**Data below:**
######

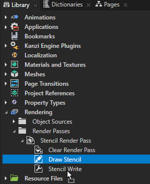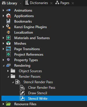 - In the Library > Rendering > Render Passes > Stencil Render Pass create a Pipeline State Render Pass, name it Stencil Write, and drag the Draw Stencil render pass to the Stencil Write render pass.
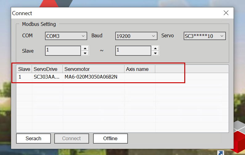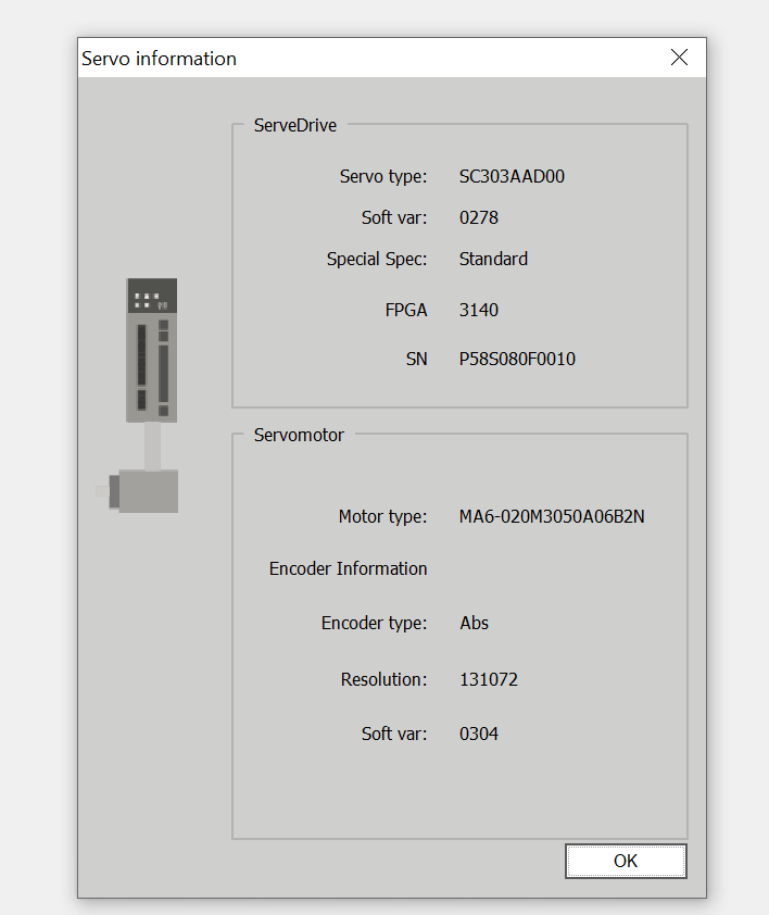 Done!As shown in the figure below, you can check information such as the model and resolution of the SERVO DRIVE and motor.
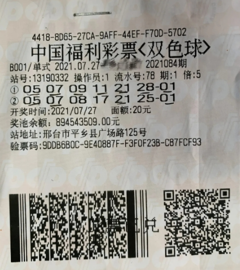 7月27日,双色球第2021084期,邢台市平乡县广场路13190332站一位购彩者5倍投注2注单式号码,收获一等奖5注、五等奖5注,奖金合计2907.1775万元。7月29日上午,大奖得主在大女儿和女婿陪同下领奖。

######

**Brief:** Write the data above out exactly. Leave out any pictures.

**Your response:**
 - In the Library > Rendering > Render Passes > Stencil Render Pass create a Pipeline State Render Pass, name it Stencil Write, and drag the Draw Stencil render pass to the Stencil Write render pass.
 Done!As shown in the figure below, you can check information such as the model and resolution of the SERVO DRIVE and motor.
 7月27日,双色球第2021084期,邢台市平乡县广场路13190332站一位购彩者5倍投注2注单式号码,收获一等奖5注、五等奖5注,奖金合计2907.1775万元。7月29日上午,大奖得主在大女儿和女婿陪同下领奖。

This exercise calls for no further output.